Während wir warten, dass es weitergeht, fühle ich, wie mein Puls sinkt – zum ersten Mal seit rund anderthalb Stunden. Bis hierhin war diese Gravel-WM eine einzige Jagd. Hinter jeder Kurve wird herausbeschleunigt, mit 600 bis 700 Watt aufs Pedal gedrückt, nur um das Hinterrad zu halten. Die kurzen Anstiege brettern wir mit jeweils 400 Watt und mehr hinauf. Kurz: Wir fahren, als gäbe es kein Morgen. Die erste Rennstunde erinnert mich an die Crossrennen, die ich früher gefahren bin: Immer nahe am Anschlag. Nur dass wir heute nicht eine Stunde fahren, sondern fünf bis sechs. 181 Kilometer Renndistanz, 1500 Höhenmeter, mehr als 60 Prozent davon auf Schotter, Kopfsteinpflaster und Waldwegen. Allein schon die Zahlen machen Angst, und damit bin ich vor dem Rennen nicht allein.

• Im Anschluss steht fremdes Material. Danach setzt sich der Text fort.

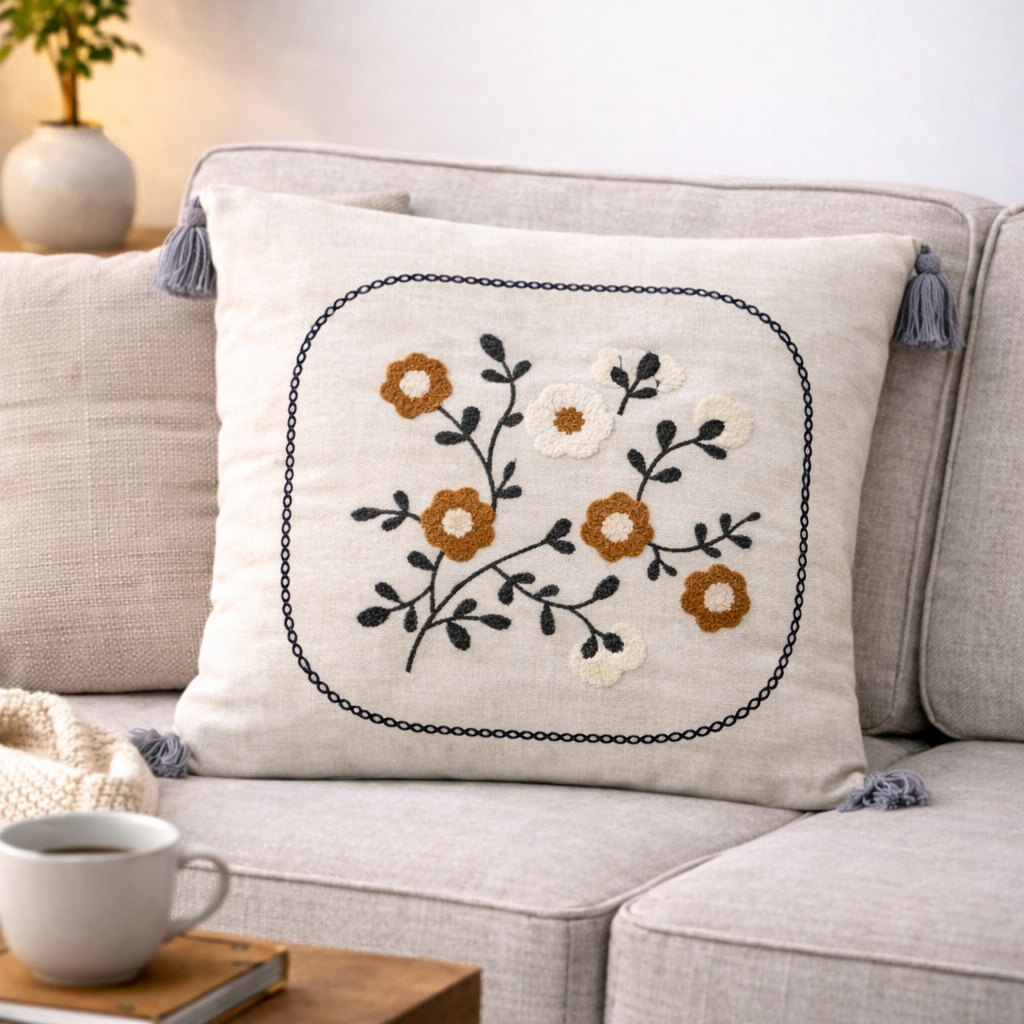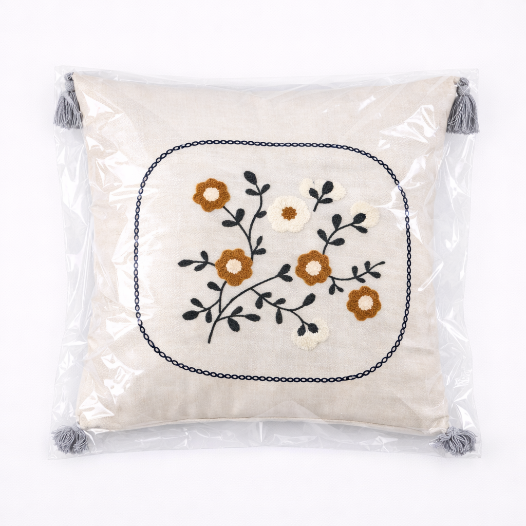 Nakışlı Çiçek Dalı Desenli Dekoratif Kırlent Kılıfı | Püsküllü Yastık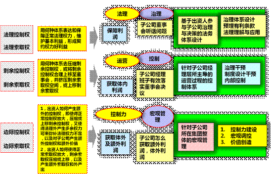 宏观管理,研究如何通过边际两权获取体外及额外利润,尤其是子公司怎么获取额外利润,体外利润。思考几个要点,1,出资人如何产生额外的控制权,即使得正常控制权放大,压缩或上移剩余控制权,又使得法理外产生多余权力可来弥补法理权力不足,以及对子公司产生额外控制权和额外价值 2,出资人如何使得正常索取权放大,剩余索取权压缩或上移,以及产生额外索取权和外产出。针对子公司所在集团整体的宏观管理,控制力建设,宏观调控,价值创造
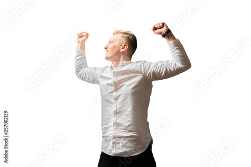 young ambitious happy businessman in white shirt isolated

Im Startblock blicke ich in angespannte Gesichter, irgendwo zwischen nervös, fokussiert und hochmotiviert.
Der Joseph Possozplein im belgischen Halle ist heute Morgen das Epizentrum der internationalen Gravelszene. Aus allen Seitengassen strömen sie auf den Platz, mal in niederländischem Oranje, italienischem Blau, dänischem Rot, deutschem Weiß, mit amerikanischen Stars and Stripes, aber vor allem natürlich in belgischem Babyblau. Nach zwei Austragungen in Italien kommt die noch junge Gravel-Weltmeisterschaft erstmals in jenes Land, das wie kein zweites den Radsport über Stock und Stein liebt. Doch damit sind die Belgier inzwischen nicht mehr allein: 2613 Starter aus 49 Nationen sind nach Halle gereist – und damit mehr als doppelt so viele wie im Vorjahr (1268) und fast fünfmal so viele wie vor zwei Jahren (556). Gravel boomt einfach immer weiter.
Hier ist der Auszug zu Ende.